My team would tease me mercilessly if they knew. “Charlotte needs a personal life,” they’d say. “Don’t make the rest of us look bad by working on a Sunday.”

As if having a personal life was something you could just decide to have, like choosing a coffee order or picking a new screensaver.

The truth was, I’d come a long way since Stanford. Back then, the terror of social interaction had been paralyzing. I’d eaten meals in bathroom stalls to avoid the cafeteria. I’d taken stairs to the tenth floor rather than share an elevator with strangers. Presentation days would leave me physically sick, voice shaking so badly I could barely get through my slides.

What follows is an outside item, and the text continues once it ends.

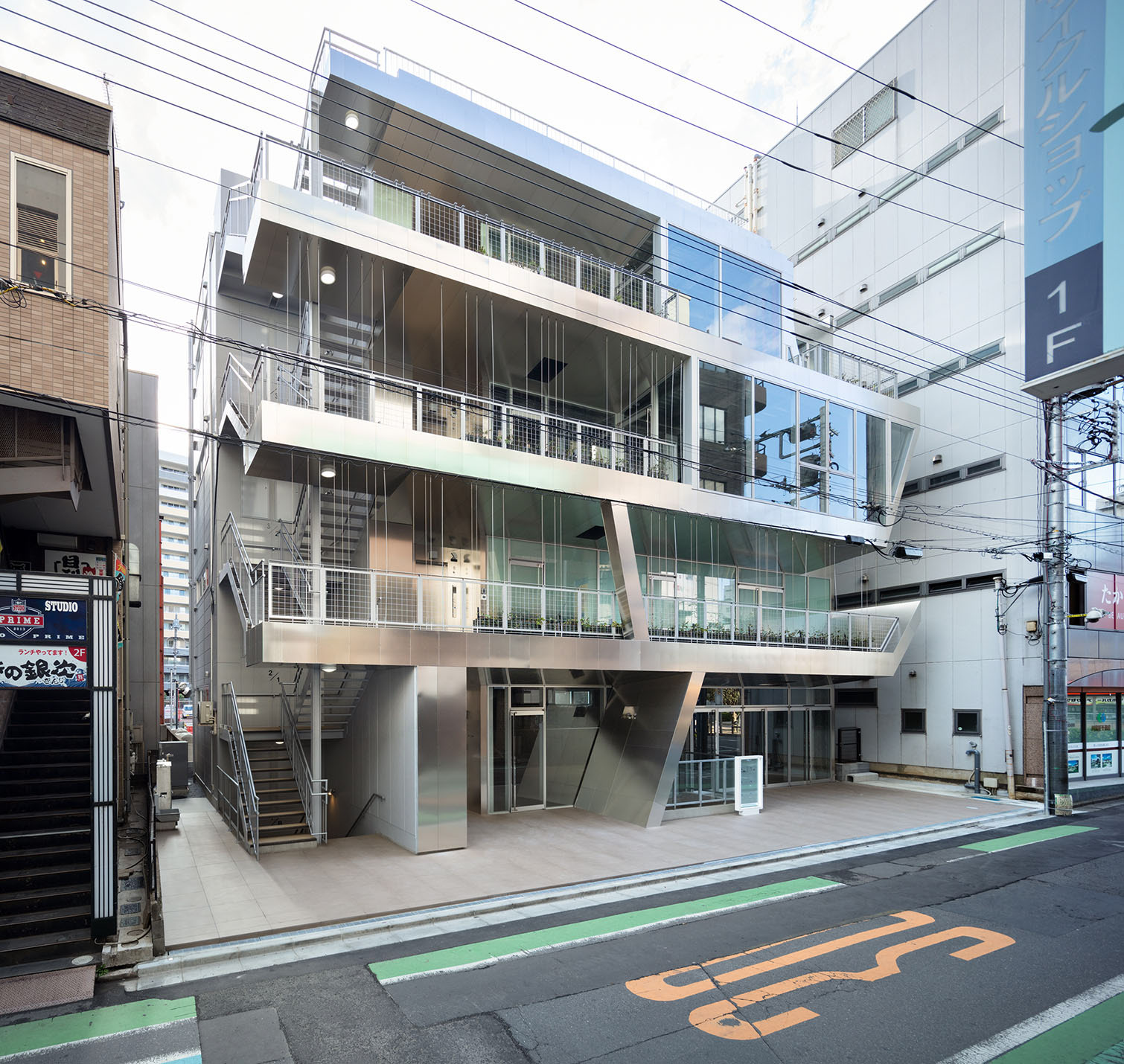 Located on a commercial street about thirty minutes by train from the center of Tokyo, within walking distance from Shiki Station in Saitama Prefecture, this steel-frame multi-tenant building has four stories above ground and one below. The city of Shiki prospered as a commercial area on the banks of the Shingashi River during the Edo period, and in modern times developed as a major stop on the Tobu-Tojo railway line.

Now, I could present to the board without visible tremors. I could attend mandatory team meetings without having a panic attack. I could even engage in small talk by the coffee machine—briefly, awkwardly, but successfully.

But that didn’t mean I’d magically developed the interpersonal skills everyone else seemed to be born with. At twenty-six, I’d never been on a real date. The closest I’d come was that disaster on my twentieth birthday—losing my virginity to a colleague in an encounter I’d approached like a lab experiment, all clinical observation and zero emotional connection. He’d never spoken to me again afterward, and I’d filed the experience under failed trials and moved on.

Friends were equally challenging. Before Darcy had decided to adopt me three years ago—and that’s really what it was, an adoption—I’d had exactly zero people I could talk to about anything beyond work. She’d simply appeared at my desk one day, announced we were having lunch together, and hadn’t taken no for an answer. Somehow, miraculously, she’d stuck around despite my inability to remember birthdays, my tendency to forget social plans when absorbed in a problem, and my complete failure to understand most of her cultural references.

I glanced at the clock, 10:43 a.m. The facility would be nearly empty. Just the skeleton weekend crew. I could slip in, work for eight or nine hours without interruption, make actual progress on the countermeasure. No Ty Hughes with his distracting presence and his easy smile and his shoulders that looked like they could?—

My phone buzzed, Darcy’s name lighting up the screen.